But this mysterious entity is like a black cat, coming and going as it pleases. Losing interest the more I want it to let me near.
I give up on traveling momentarily. Never have I heard such a terrifying sound in my life. Niklaus’s screams will echo through my nightmares until my final days.
I watch the skin on his shoulders bubble in horror.
“Niklaus!” I cry. Because, what else can I do? Is this going to kill him and spare me?
Oh god. I try again, reaching for that cosmic mist in the back of my mind, forcing myself to break whatever unwanted barrier or block is restraining me from controlling this.
I slide my hands along his jaw and let him press his forehead against mine. His howls come between his clenched teeth now as he bears down.
“I’m here!” I hold him against me. “Hold on, okay?
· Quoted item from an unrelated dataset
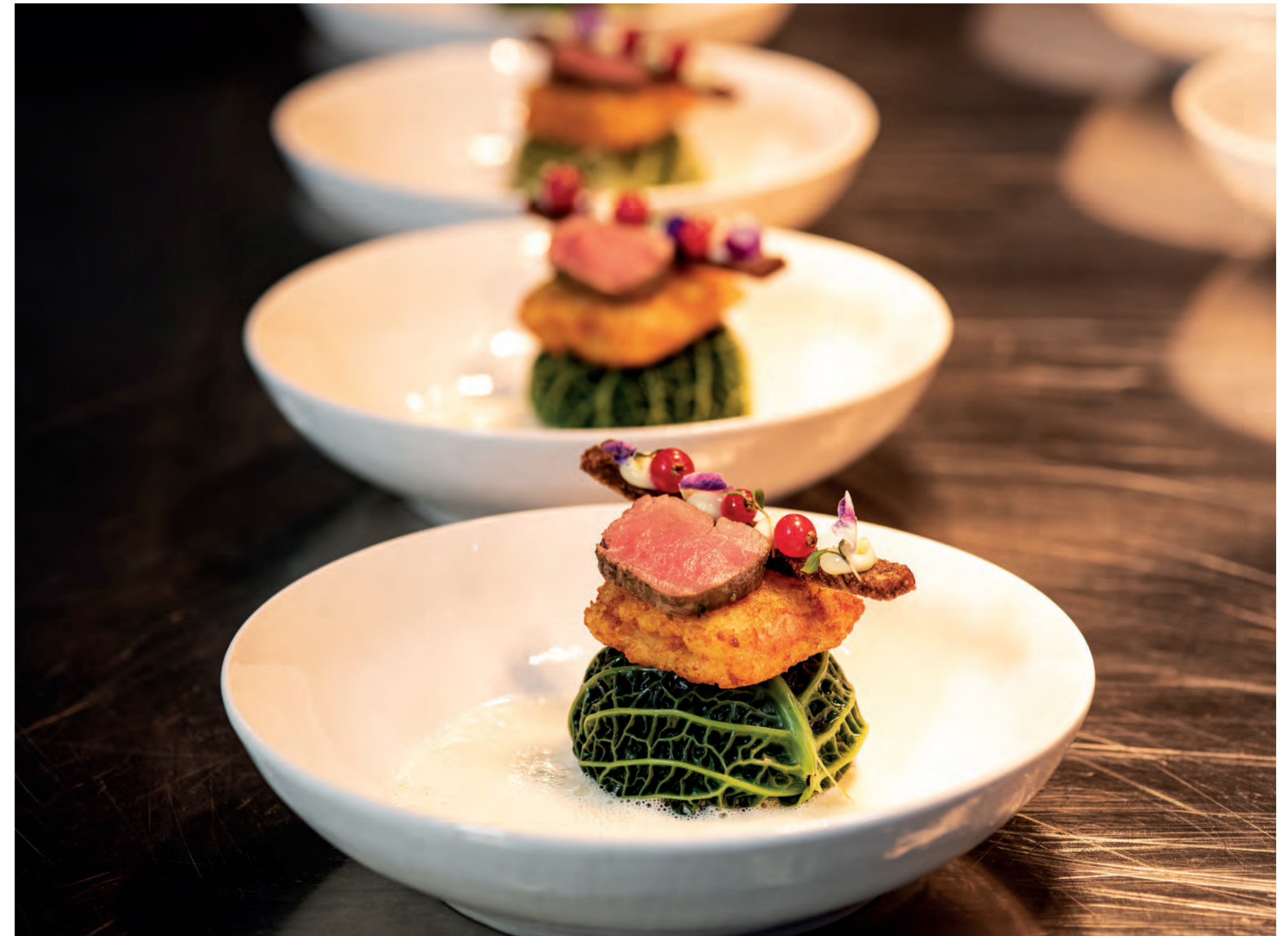
11er Rösti-Toasties gefüllt mit Schmelzkäse und Putenschinken auf einer Wirsing-Pfifferling Praline mit Rehfilet, geschäumter Riesling Veloute und Vollkorn-Cracker mit Knoblauch-Mayonnaise, Johannisbeeren und Blüten. ■ 11er Rosti-Toasties stuffed with cheese spread and turkey ham on a Savoy cabbage-chantarelle praline with fillet of venison, frothed Riesling veloute and wholemeal crackers with garlic mayonnaise, currants and edible blooms.

Hold on!”
People around us drop to their knees, flopping on the floor like bugs being burned by the light from a magnifying glass. But Niklaus holds his position against me, and despite the excruciating pain, he doesn’t waver. Not for a second.
54. All My Relics
Vrath
The blood has dried onmy hands.
I like when it does that. It makes my palms stiff and shiny. The crimson red stain turns darker, a dull ruddy brown. And while the soldiers around me are dancing and cheering in glee as Sapphire and Niklaus wave their weapons around, twirling and skipping in a choreographed attempt to put on a show without killing each other—I use my yellow thumbnail to scrape at the blood in the crease lines of my left palm. It twists and lifts from my skin in flakes.
I smile adoringly as I blow on the dried blood, watching it scatter in the humid air of the stadium, floating like scarlet butterflies.
The Vexamen Breed are much too easy to infiltrate. When they are off duty, here at House of Jester Nights, they are belligerently drunk and stupid. I fit right in with my clothing and painted face. They don’t even notice as I lick my fingers, making the dry blood runny again.
“Why don’t you just move to another era, Sapphire S. Valdawell? Why be imprisoned this far in the past?” I tap my stiff fingers against my paint chipping around my lips. “Are you unintelligent?”
I have watched her move through time. I have studied her patterns, though her methods are shocking to me. Does she not need the blood of a mother to come and go? Does she not need relics from their personal belongings? Time equations and a map? And why aren’t others affected as she interacts with people that she does not belong with?
No one falls ill around her.
Speaking of, the soldiers around me become increasingly snotty and hoarse the longer I’m nearby. Their perspiring skin loses color by the minute. But of course, they do not notice. They are drunk, moronic men who are fixated on shiny toys fighting to the death before their eyes.
Niklaus Demechnef kisses Sapphire Valdawell.
I tilt my head at the psychorrhagic interaction.
I have never understood the peculiar act of intimate touch. I do not receive the slightest ounce of endorphins or excitement of any kind toward touching another human being gently. Perhaps I feel something when I hear the wretched cries of a mother as I insert a tear in her skin and collect copious amounts of her blood. There really is nothing quite like it. Especially if she is a new mother and pleads for me to spare her infant.
Those are the cries that lead to me doing something God-like.
Now, Sapphire Valdawell is not a mother. But her blood sings to me like a darling sea nymph. It chants and hums a tune that reaches me when she travels. It wants me to bleed her. It could be the answers I’ve longed for. The only way for me to return to where I truly belong. Perhaps I will no longer be deathly ill? Perhaps I will be worshiped as a divine deity for my time craft?
I will know for certain once I bleed her.
I do not hate Sapphire Valdawell nor Niklaus Demechnef.
But they run from me, and it is not fair. It is not right. Do they not know that I have watched their ways over and over again? I have seen them interact in alternate paths of what is to come. I have seen all. Why resist me?
The two get directed off stage.
“But how can I reach them?” I ponder.
“You talk to yourself,” the slurring soldier says next to me in Old Alkadonian.
I ignore the brute. I have had enough of my potential interactions with him. His mind is sideways and insides are diseased. I do not like the eyebrow with the scar or that he perspires more from his right underarm than his left.